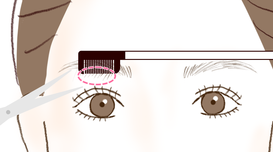 不要な毛をカットできたら、眉毛全体の長さと量を調整しましょう。コームで眉毛を下から持ち上げ、眉毛の上の輪郭に合わせます。コームからはみ出た眉毛は他よりも長い毛なので、その毛だけをカットしましょう。
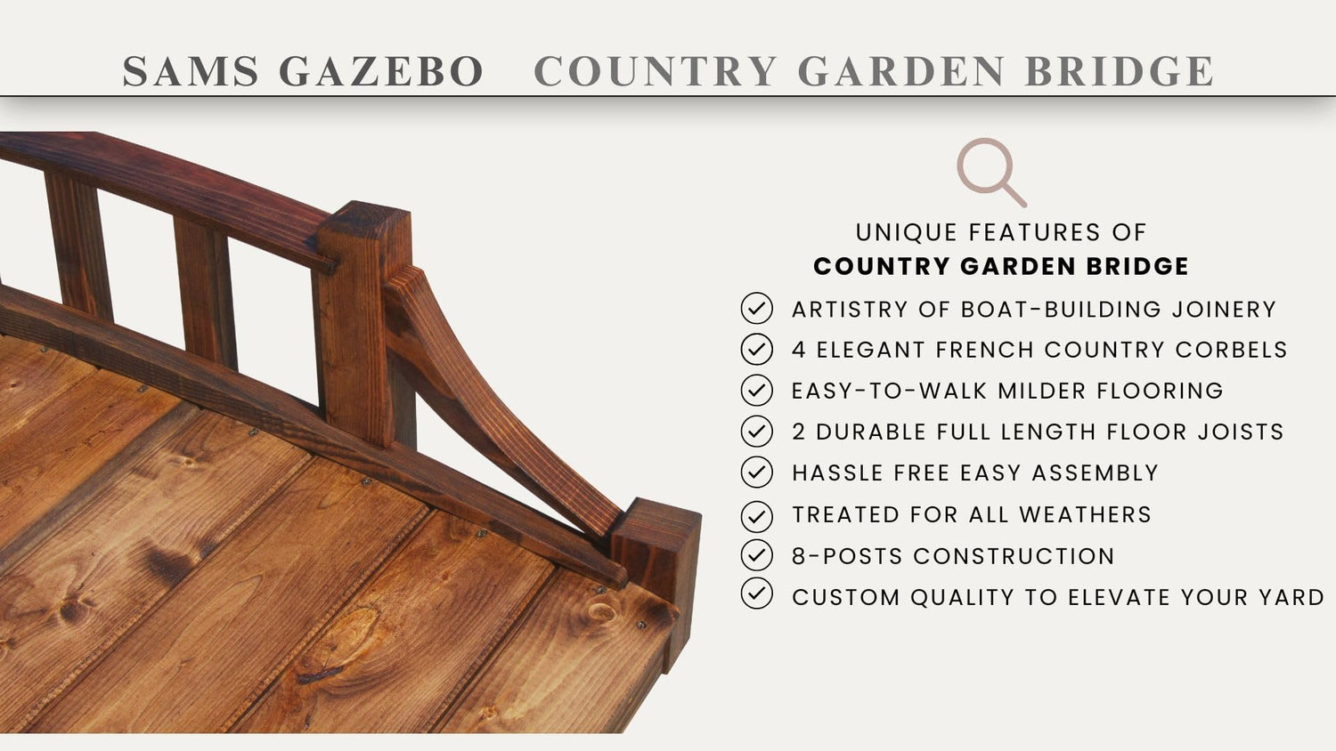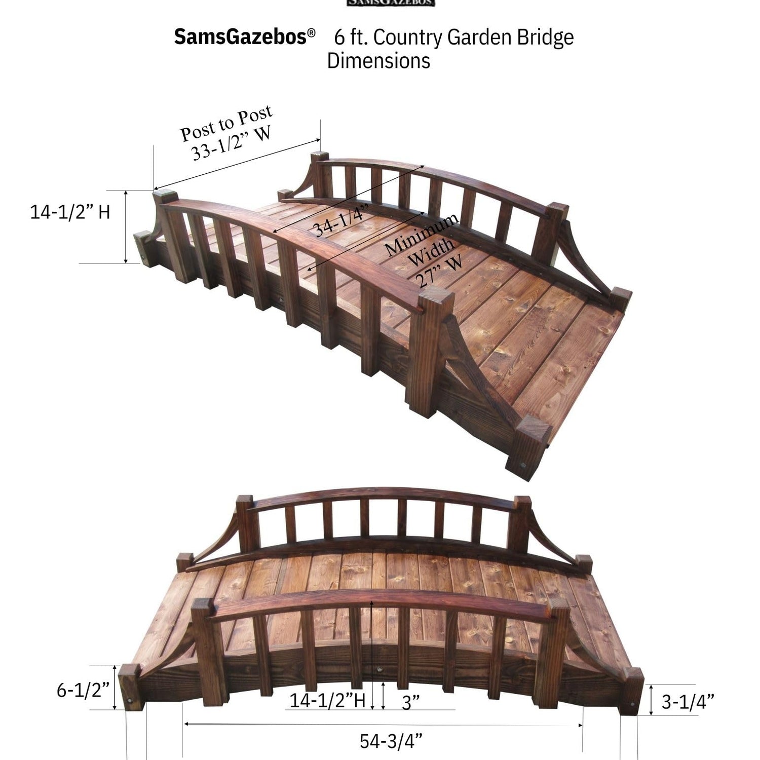 SamsGazebos Country Wood Garden Bridge, 6', Brown
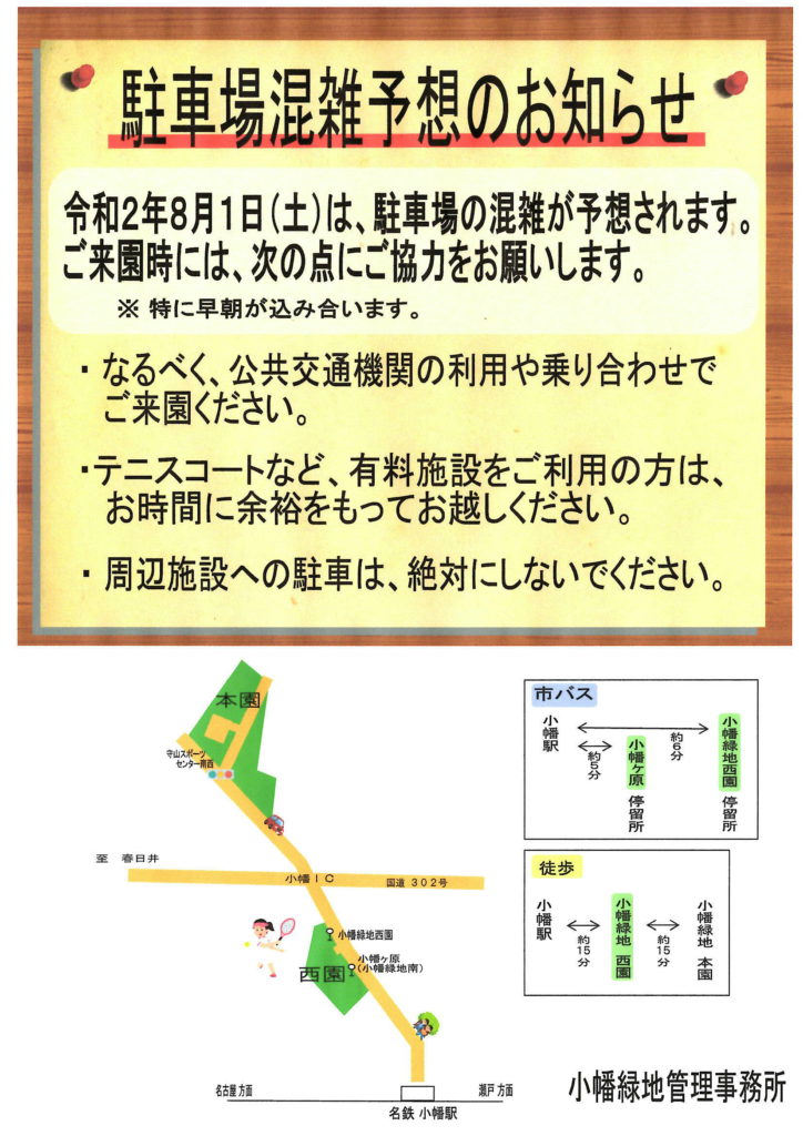 8月1日(土)は小幡緑地(西園)で開催のスポーツ大会やイベント等で、早朝から駐車場の混雑が予想されます。ご利用を予定されている方は、時間に余裕をもってお越しください。

□ □ □ □ □ □ □

Task requirements => Except for the pictures, copy the material above exactly.

Written response =>
 不要な毛をカットできたら、眉毛全体の長さと量を調整しましょう。コームで眉毛を下から持ち上げ、眉毛の上の輪郭に合わせます。コームからはみ出た眉毛は他よりも長い毛なので、その毛だけをカットしましょう。
 SamsGazebos Country Wood Garden Bridge, 6', Brown
 8月1日(土)は小幡緑地(西園)で開催のスポーツ大会やイベント等で、早朝から駐車場の混雑が予想されます。ご利用を予定されている方は、時間に余裕をもってお越しください。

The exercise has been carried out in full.